The first installment of the series gave an overview of why testing cannabis and hemp for heavy metal contaminants is so important and how the pharmaceutical industry can play a critical role in preparing the cannabis industry for federal oversight.  Part 2 focused on how growers and cultivators need to actively investigate all potential sources of elemental contamination before they can even hope to minimize them. And, Part 3 highlighted how potential sources from the extraction and manufacturing processes can contribute to the problem. Part four will examine how processors can reduce the chances of elemental contamination, as well as provide examples of how high levels of heavy metals in some CBD products have led to government recalls and litigations because of false advertising of heavy metal content. In addition, we’ll take a look at one CBD manufacturer’s extraction protocols and how it impacted heavy metal levels in its products. Finally, we’ll investigate the effect of smoking/inhaling cannabis products, not only from the perspective of the cannabinoid but also from heavy metal contamination in the smoking/inhaling method/device used. 

Note: The series has been summarized from two chapters in Robert Thomas’ upcoming book, Measuring Heavy Metal Contaminants in Cannabis and Hemp: A Practical Guide, which will be published by CRC Press this September. The book, including its table of contents, is now available for preordering from the publisher’s website.

Product recalls

There is clear evidence in the public domain that heavy metals are not being completely removed from commercially-available cannabinoid products, evidenced by the fact that from time to time we see products recalled for high levels of heavy metals. The following stories, taken from online newspapers and news sites are examples of this.

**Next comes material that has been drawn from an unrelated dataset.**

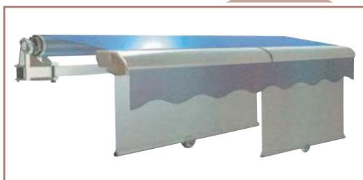
Riviera s navijecím volánem, pružinový systém, max. rozměr šíře 2935 mm x výška 800 mm
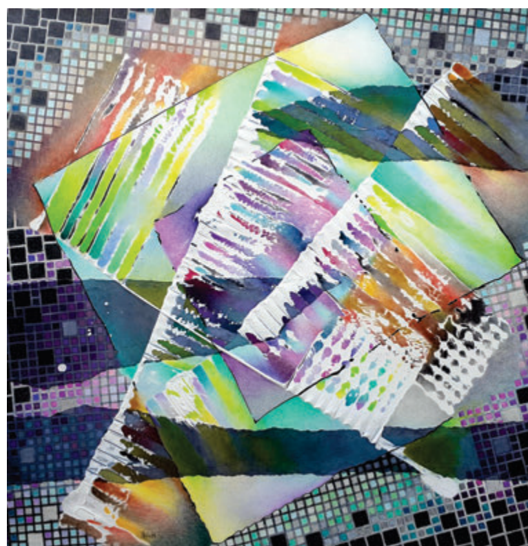
Miloslava Salanciova, Interpretacija, 2021, pastel, 50x50 cm Miloslava Salanciová, Interpretácia, 2021, pastel, 50x50 cm

• There was a case recently where a CBD oil producer from Florida was forced to recall a CBD tincture by the FDA because it had 10x higher Pb levels - 4.7 ppm compared to the maximum allowable limit for Florida which was 0.5 ppm1.

• And there have been other similar stories reported where a CBD manufacturer claimed their product was “heavy metal” free but on further testing, it was found to be over the legal limit for Pb, Cu, and Ni. This case is currently going through the litigation process2.

• Thirteen strains of medical marijuana sold at a licensed medical marijuana center in Michigan were recalled. They failed to meet state maximum allowable limits for heavy metals when tested, because they were contaminated with high levels of Cd and As, according to the Michigan Bureau of Marijuana Regulation MBMR)3.

• Ohio state regulators recently recalled medical marijuana flower because it was packaged for sale at dispensaries before being tested for high levels of heavy metals, in addition to microbes, mycotoxin fungi, and foreign matter4.

• Following an inspection by the California Bureau of Cannabis Control (CBCC) a cannabis testing lab had to give up its business license. The inspection uncovered false results for a group of contaminants during cannabis product testing over a four-month period. This was especially detrimental to the California cannabis industry because they were in the process of putting in stricter limits for toxins, such as heavy metals5

• Medical cannabis regulators in Maryland expanded testing for heavy metals in marijuana products as they warned the public about the risk for possible lead contamination in popular vaping devices. They issued an advisory to notify patients and other stakeholders of potential lead contamination of cannabis liquids in vape cartridges following exposure to heat inside the device6

• Lead and ethanol contaminants were found in vape cartridges sold in Hawaii. They don't say where these contaminants come from, but the lead most likely comes from the soldered battery connections inside the vaping device, while the ethanol is a carryover from the cannabinoid extraction process. At vaping temperatures of approx 200°C, who knows what these contaminants are doing to someone's lungs, so it’s not surprising that a local doctor thinks they might be linked to a recent spate of lung illnesses7.

These stories emphasize that there is a continuing trend of products that are testing above maximum allowable levels for heavy metals, which indicates that growers and processors do not fully understand how heavy metals end up in commercially available cannabinoid products. It should also be pointed out that the majority of states that allow for medicinal cannabis only regulate Pb, As, Cd and Hg. In Part 2 of my series, I show convincing evidence in the public domain that there are probably another 10 heavy metals that could potentially be considered when assessing contamination in cannabis and cannabinoid products. Currently, if these metals found their way into cannabis products, they would escape the scrutiny of most state regulators. 

CBD-Based Drugs

There are many over the counter CBD-based drugs/medications on the market for medicinal purposes, but there is only one CBD prescription drug that is regulated by the FDA.  Epidiolex™ is a prescription CBD-based drug for seizures in young children, which is manufactured by G.W. Pharmaceuticals. And, because it a prescription drug, it is regulated according to USP Chapter 232/233 in the US and to ICH Q3D guidelines in the ROW for 24 elemental impurities Permitted Daily Exposure (PDE) limits (refer to Part 2 for details). However, as the elemental impurities are not listed on the Epidiolex label, the only evidence I could find that indicates the level of heavy metals in the product is with regard to the company’s patent application for their cannabis extraction process8. A summary of its production/extraction protocol is shown below, which uses CO2 with sub-critical fluid extraction conditions at a temperature of 10° C and a pressure of 60 bar. On further investigation of the patent, the final heavy metal content is in the order of 20 ppm, although they do not mention which heavy metals they found.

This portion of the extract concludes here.